Andrew Berardini (born 1982) is an American writer known for his work as a visual art critic and curator in Los Angeles. Described as "the most elegant of all art critic cowboys", Berardini works primarily between genres, which he describes as "quasi-essayistic prose poems on art and other vaguely lusty subjects."

He has published articles and essays in publications such as frieze, Mousse, Fillip, Artforum, ArtReview, Art-Agenda, Paper Monument, Art in America, Public Fiction, Rolling Stone (Italy), Die Welt and the LA Weekly. A graduate with an MFA in Writing from the School of Critical Studies at California Institute of the Arts, Berardini has lectured on Art History and Cultural Production at the Southern California Institute of Architecture (SCI-Arc), and has been faculty at the Mountain School of Arts since 2008, in addition to guest lecturing widely. He previously held the position of assistant editor of Semiotext(e) Press and is currently Los Angeles editor for Mousse, senior editor for Artslant, contributing editor for Momus and Art-Agenda, and co-founder of the Art Book Review. As a curator, Berardini held appointments at the Armory Center for the Arts in Pasadena and LAXART in Los Angeles and in 2013 he organized and co-organized exhibitions at the Palais de Tokyo in Paris, the Museum of Contemporary Art in Los Angeles, and the Castello di Rivoli in Turin.

He is the past recipient of an Andy Warhol/Creative Capital Grant and the 221A Curatorial Residency.
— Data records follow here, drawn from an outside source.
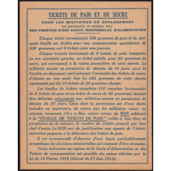 Tickets de pain et de sucre pour militaires de l'intérieur en déplacement de moins de cinq jours (en permission)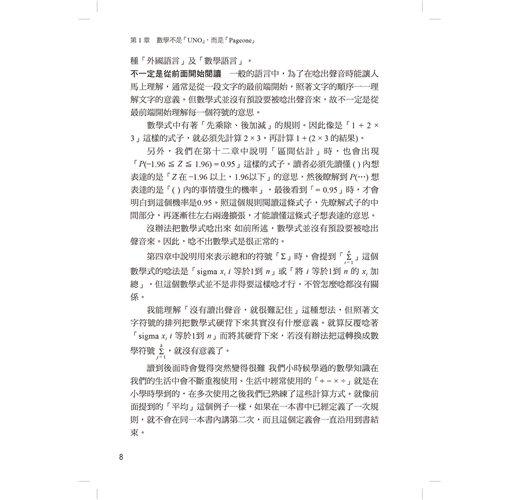 另外,我們在第十二章中說明「區間估計」時,也會出現「P(-1.96≦Z≦1.96) = 0.95」這樣的式子。讀者必須先讀懂( )內想表達的是「Z在-1.96以上,1.96以下」的意思,然後瞭解到P(…)想表達的是「( )內的事情發生的機率」,最後看到「= 0.95」時,才會明白到這個機率是0.95。照這個規則閱讀這條式子,先瞭解式子的中間部分,再逐漸往左右兩邊擴張,才能讀懂這條式子想表達的意思。
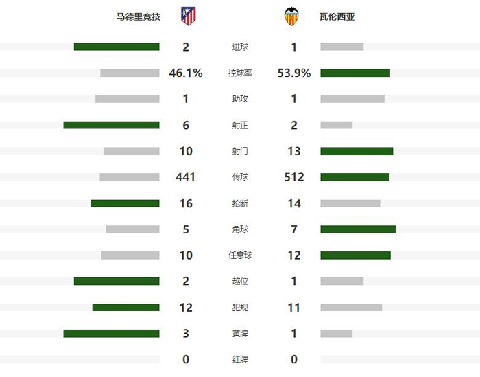 第63分钟瓦伦西亚扳平了比分,贝尔特兰左路内切,晃开上抢的阿尔马达后,突然起脚远射,轰出一脚无解的世界波,皮球擦着立柱飞入球网,让奥布拉克也无可奈何,将比分追至1平,不过蝙蝠军团并没有开心太久,第74分钟替补登场的格列兹曼,前插接到队友挑传后,用一脚世界级的停球,给自己抽射创造出了机会,帮助马竞将全场比分定格为了2-1。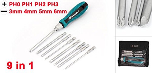 uxcell スクリュードライバー フラットヘッド クロスヘッド プラスチック製取っ手 磁気ヒント 9in1

In 2016, he was appointed writer-in-residence at the Institute for Art and Olfaction in Los Angeles and appointed a judge for the Sadakichi Award for Experimental Work with Scent for the Art and Olfaction Awards.

Publications

Books

 Danh Vo: Relics, Mousse, 2015. 
 Get In, with Brian Kennon, 2nd Cannons, 2011.
 Richard Jackson, The Rennie Collection, 2010.

Book contributions

 Phillip Guston’s The Red Sea The Collection, SFMOMA. 2016. 
 The City of Glass, Xavier Veilhan, Gallerie Perrotin, Paris. 2015.
 DO NOT TIRE. EVERYTHING IS OPEN: On Robert Motherwell, Paul Kasmin Gallery. 2015.
 Hand in Glove, Make.A.Match, Revolver Verlag. 2014. 
 Battle Painting. Leander Schwazer: Bikini. Museion, Bolzano. 2014. 
 Home is the Place You Left, Biography: Elmgreen & Dragset, Astrup Fearnley Museum, Oslo, 2014. 
 Your looks are laughable/ Unphotographable/ Yet you’re my favorite work of art Sarah Anne Johnson: Wonderland, CAM Raleigh. 2014. 
 Whitney Biennial 2012., Whitney Museum, 2012.
 Sarah Cain, LAND, 2012.
 Singapore Biennial 2011: Open House, Singapore Art Museum, 2011.
 Bas Jan Ader: Suspended Between Laughter and Tears, Pitzer Art Galleries/Claremont Museum of Art, 2010.
 5 Years: The Mountain School of Art. MSA, 2010.
 Desert Interviews, Or How To Jump Off the Roof and Not Hit the Ground: Piero Golia. JRP/Ringier & Jumex Foundation and Collection, 2010.
 Rotterdam Dialogues: The Critics, The Curators, The Artists. Witte de With Center for Contemporary Art, 2010.
 Yoshua Okon: US, Museo Carillo Gil, Yerba Buena Center for the Arts, 2010.
 All Time Greatest. Fellows of Contemporary Art, 2010.
 I like your work: Etiquette and Art, Paper Monument, 2010.
 Bruce Nauman: Untitled (leave the Land Alone) 1969/2009, Armory Center for the Arts, 2009.
 Hipnostasis: Raymond Pettibon and Yoshua Okon, Armory Center for the Arts, 2009.
 LA Potential, Basis-Wien, Vienna, Austria, 2009.
 2008 California Biennial. Orange County Museum of Art, 2008.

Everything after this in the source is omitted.